What you are asked to do ▸
Taking the line that contains "WASSUP连帽卫衣男开衫秋冬加绒情侣宽松运动休闲上衣春秋拉链外套" as the start and the last line of the data as the end, repeat exactly every line in that span, but no pictures.

Source data:
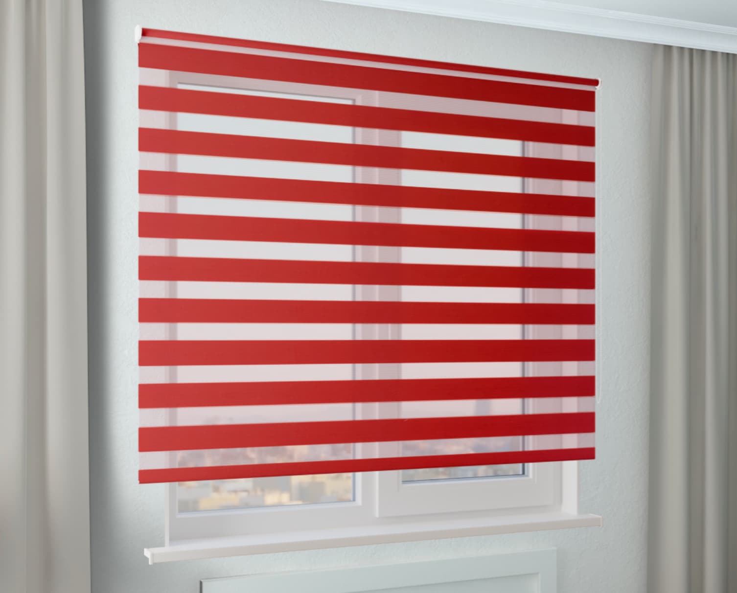 Зебра Стандарт рулонная штора красного цвета отлично защищает от солнечных лучей, поддерживает стиль и гармонию в интерьере. День-ночь функциональность, легкий уход, гипоаллергенная ткань. Бесплатный замер и доставка, гарантия 1 год.
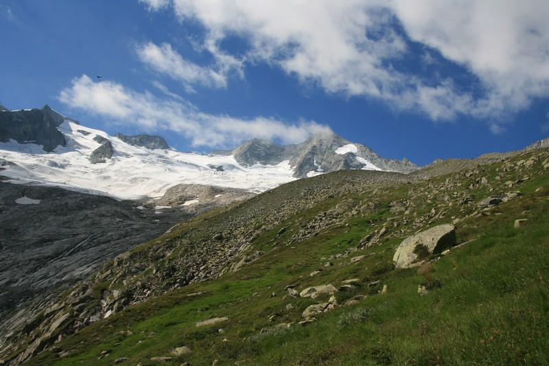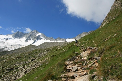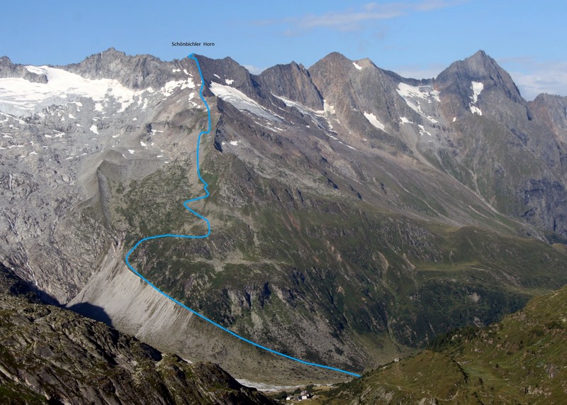 Kurz hinter dem Gasthaus wechselt man die Bachseite und lässt die Jausenstation Waxeggalm rechts liegen. Zwischen Sträuchern geht es nun bergauf. Auf gut 2000 Höhenmetern trifft man auf den Berliner Höhenweg, der nun nahe einer Abbruchkante hinauf führt. Die frühere Ausdehnung des Gletschers bis hier herab ist an den Felsen gut zu erkennen. Über Platten geht es weiter hinauf. Ab 2300 Höhenmetern orientiert sich der Weg immer mehr Richtung Schönbichler Grat, der in einigen Kehren erreicht wird. Diesem folgend nähert sich der Aufstieg nun deutlich ausgesetzter dem schon sichtbaren Gipfelkreuz. Mit zunehmender Höhe wird der Weg ausgesetzter. Zuletzt helfen Drahtseile beim Aufstieg, die fast an das Gipfelkreuz heran verbaut wurden.
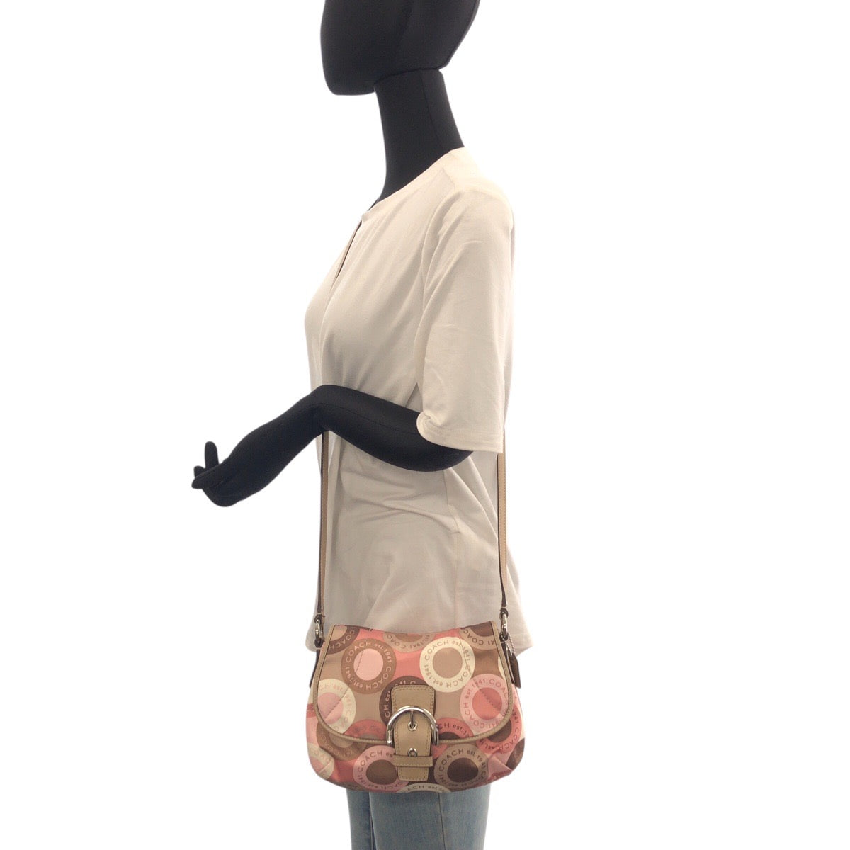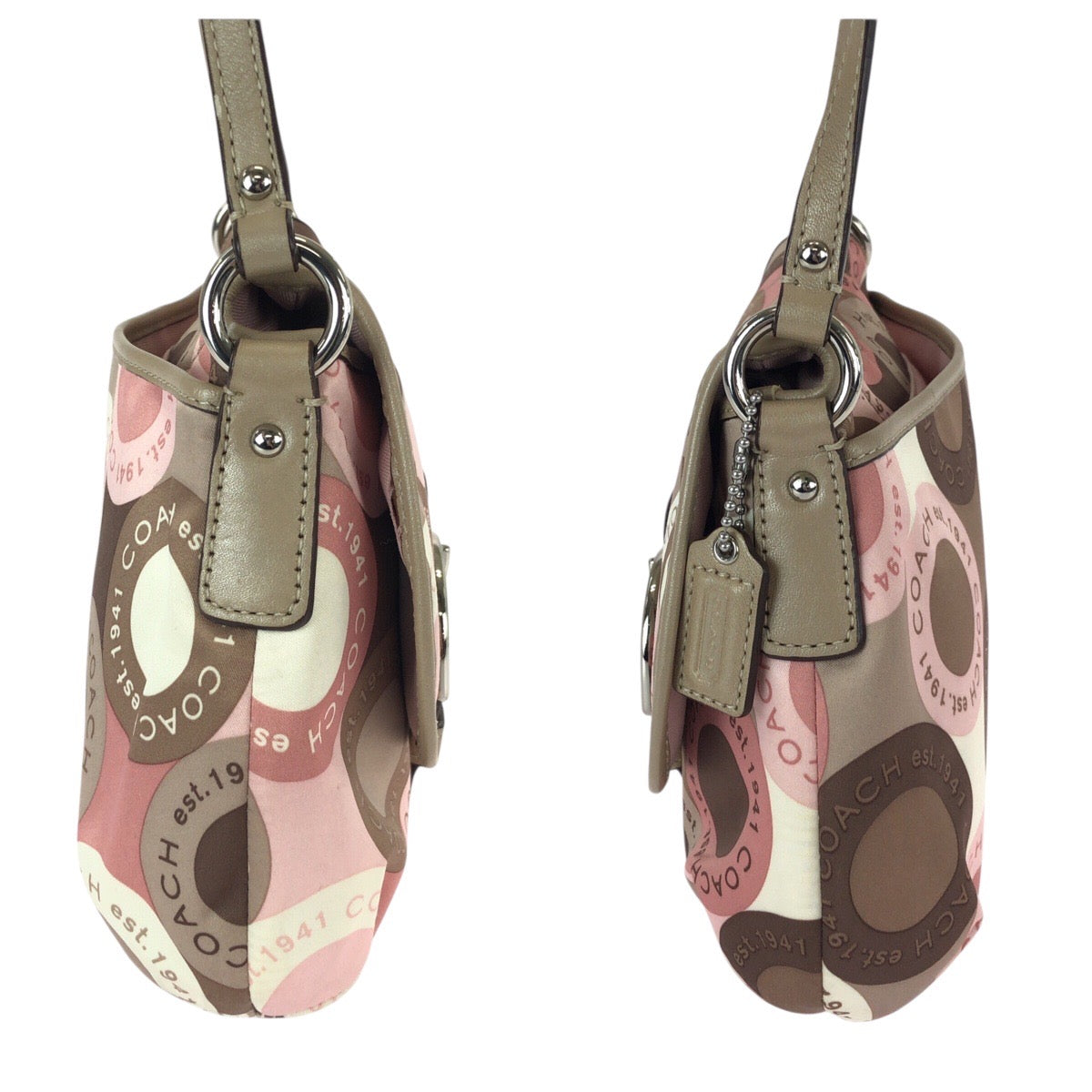 22461 COACH コーチ ソーホー ベージュ ブラウン ピンク ナイロン / レザー ショルダーバッグ ポシェット レディース A7
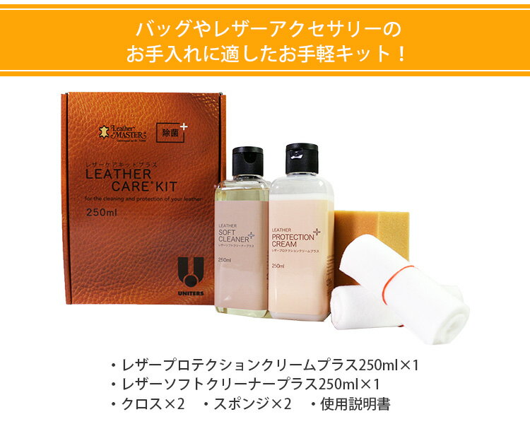 ■商品名:レザーケアキット プラス LMplus250 ■品番:UFE-0042 ■サイズ:レザーマスターの一番大きなサイズで、リビングセットなど革製品を沢山お持ちの方に適したサイズ ■セット内容・レザープロテクションクリームプラス(250ml)×1・レザーソフトクリーナープラス(250ml)×1・クロス×2・スポンジ×2・使用説明書 ■ご注意: 【2022/04/19:除菌効果をプラス】※本品は、水で薄めずそのままで使用してください。※スエードやヌバック、ベロアなどの起毛素材には使用できません。※白い革へご使用いただく際のご注意 長くご使用されているお品へご使用いただく際、表面のウレタン加工がはがれておりますと、変色等してしまう可能性がございますので、ご注意くださいますようお願い致します。 ※商品の色はモニターの具合で実物と若干異なる場合がございます。予めご了承下さい。 ※デザイン、仕様等につきましては、予告なく変更する場合がございます。予めご了承下さい。※ご予約・お取り寄せ商品は、ご注文受付後にお客様ご注文分としてメーカーへ発注を致します為、基本的にキャンセルやご返品はお受けできません。 ※複数店舗を運営しておりますため、ご注文の入れ違い等で欠品などになってしまう場合がございます。万が一、発送が遅れる場合は、ご注文受付当日中にご案内差し上げます。誠に恐れ入りますがご了承くださいますよう、お願い申し上げます。レザーケアキット プラス LMplus250 取り扱い数楽天一!安心のレザーマスター正規日本代理販売店 商品レビュー総合評価 ★4.76レビュー件数:51件 2024/09/05(木) 時点 商品を購入された方のレビュー評価 5.00 / 購入者さん 50代/女性 リピ確実です皮のお手入れを始める前はかなり心配でしたが、とても扱いやすく仕上がりも大満足です。仕上げの保護クリームの後は皮の手触りが明らかに違いました。継続して使用したいと思ってます 実用品・普段使い 自分用 投稿日:2021年10月26日 他のレビューを見る 革製品のクリーニング、保護用に開発されたお手軽なキット レザーのお手入れに必要な下記4つのアイテムをセットしています。ソファやリビングセット・パーソナルチェアなど比較的広い革製品のお手入れ適したサイズです。●革製品のクリーニングに必要なクリーナー●汚れ防止効果を高める保革剤のクリーム●クリーニングに必要なクリーニングスポンジ●保革剤の塗布に最適なタッチアップクロスレザーマスター レザーケアキットプラスは、従来のレザーケアキットに除菌効果がプラス!クリーニング効果と除菌効果で汚れと菌をまとめて除去できます。アルコール、軽油などの溶剤フリーのため、革を傷つけることなくデリケートな革にもご使用いただけます。さらに生活臭・タバコ・アンモニア臭なども中和消臭。環境にも人にも優しく、革本来の特徴を変えず簡単に色々な革製品がお手入れできます。 詳細 レザーケアキットには、ユニタス社が世界で初めて開発した水性のアニリン仕上げやヌメ革※にも対応できるレザーソフトクリーナー、レザープロテクションクリームがセットされています。 すべてのレザーメンテナンス剤は水性で革本来の特徴を変えることなく革製品のお手入れができる大変便利なキットです。※ヌメ革にレザープロテクションクリームを使用すると革が濡れて濃くなりますが、乾燥してくると元の状態に戻ってきます。ただし革の種類によっては多少変化が出る場合があります。 今まで一度もレザープロテクションクリームでお手入れされていないヌメ革にレザーソフトクリーナーを使用すると、乾燥後も色が濃くなり元の状態には戻せません。◆ レザーソフトクリーナー革製品についた水溶性のシミや日常の使用で発生した汚れを、泡で浮かせて除去します。 革の色、艶、風合いを損なわずに繊維の奥深く浸透し、表面に付着した汚れは勿論、カビの発生の原因になりやすい毛穴の内部に付着した汚れを簡単に取り除くことができます。 アルコールや軽油などの溶剤が含まれていない水性クリーナーのため、革にやさしく、表面加工にダメージを与えることなく洗浄効果を発揮します。また、嫌な生活臭やタバコの臭いを消臭する効果もあります。※爬虫類製品には使用できません。◆ レザープロテクションクリーム汚れやシミが皮革製品の奥に染み込んでしまうと、それらの汚れを落とすことが本質的に難しくなるのですが、このクリームは汚れやしみが皮革製品の奥に染み込むのを防いでくれます。 革に必要な栄養を与え、革の内側に「バリア」のように通気性の高い保護膜を形成し、蓄積する汚れの浸透を防ぎます。保護膜は撥水、撥油効果があり、汗や皮脂などの侵入を防ぎます。 また、汚れを付着しにくくさせ、付着しても取りやすくなり、革が痛むのを抑えます。環境にも人にもやさしい水性の保革剤のため、安心してご使用いただけます。 プロテクションクリームを新しい皮革製品にご使用いただくことにより予
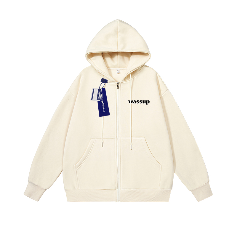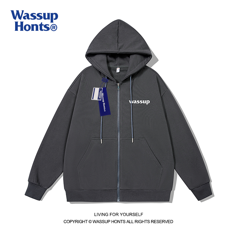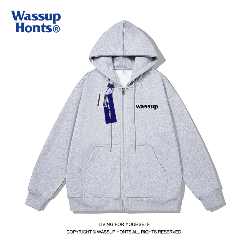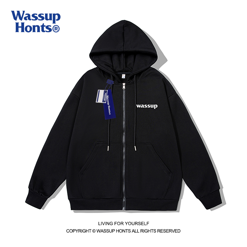 WASSUP连帽卫衣男开衫秋冬加绒情侣宽松运动休闲上衣春秋拉链外套
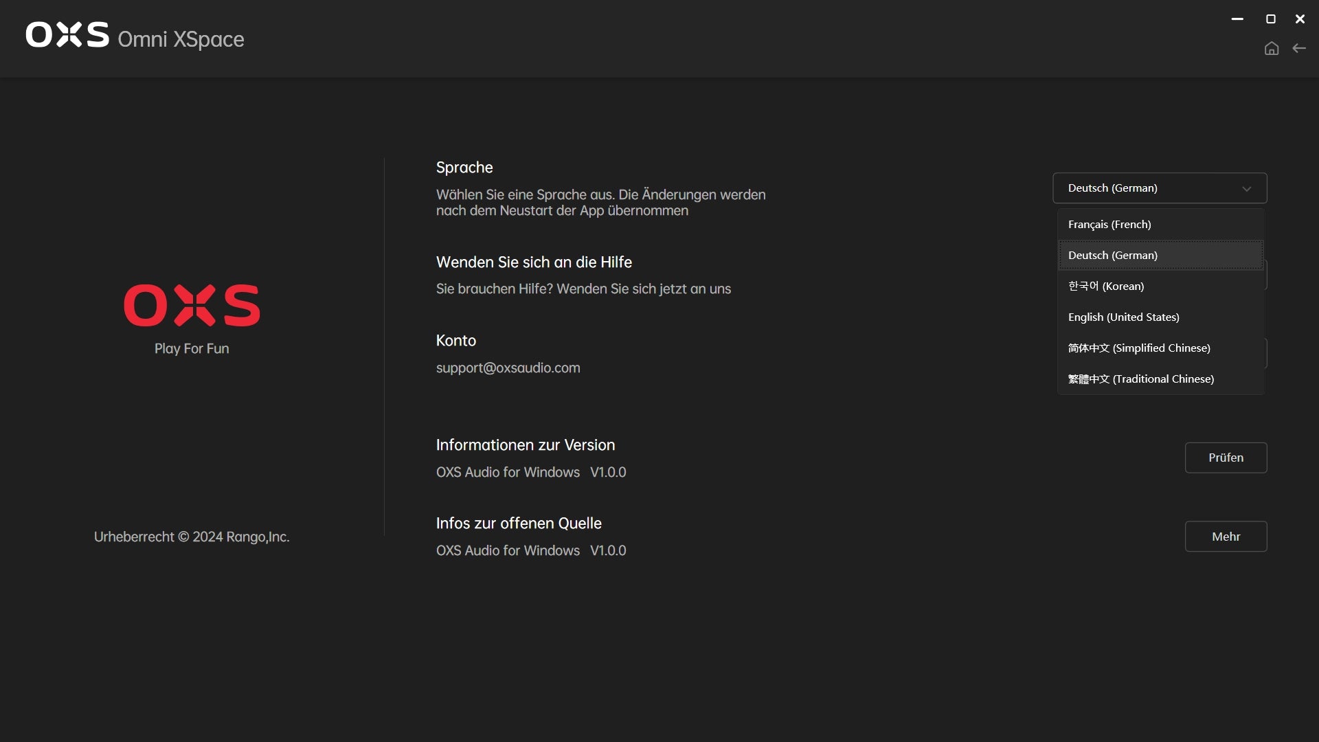 💡 Hinweis: OXS Audio ist derzeit nur mit Windows 10 64-bit und Windows 11 kompatibel. Versionen für Mac, iOS und Android sind in Entwicklung. Wenn Sie Vorschläge oder Wünsche zu den Funktionen der App haben, können Sie uns gerne per E-Mail kontaktieren oder Ihre Gedanken in unserer Facebook-Gruppe teilen.

Written response ▸
 WASSUP连帽卫衣男开衫秋冬加绒情侣宽松运动休闲上衣春秋拉链外套
 💡 Hinweis: OXS Audio ist derzeit nur mit Windows 10 64-bit und Windows 11 kompatibel. Versionen für Mac, iOS und Android sind in Entwicklung. Wenn Sie Vorschläge oder Wünsche zu den Funktionen der App haben, können Sie uns gerne per E-Mail kontaktieren oder Ihre Gedanken in unserer Facebook-Gruppe teilen.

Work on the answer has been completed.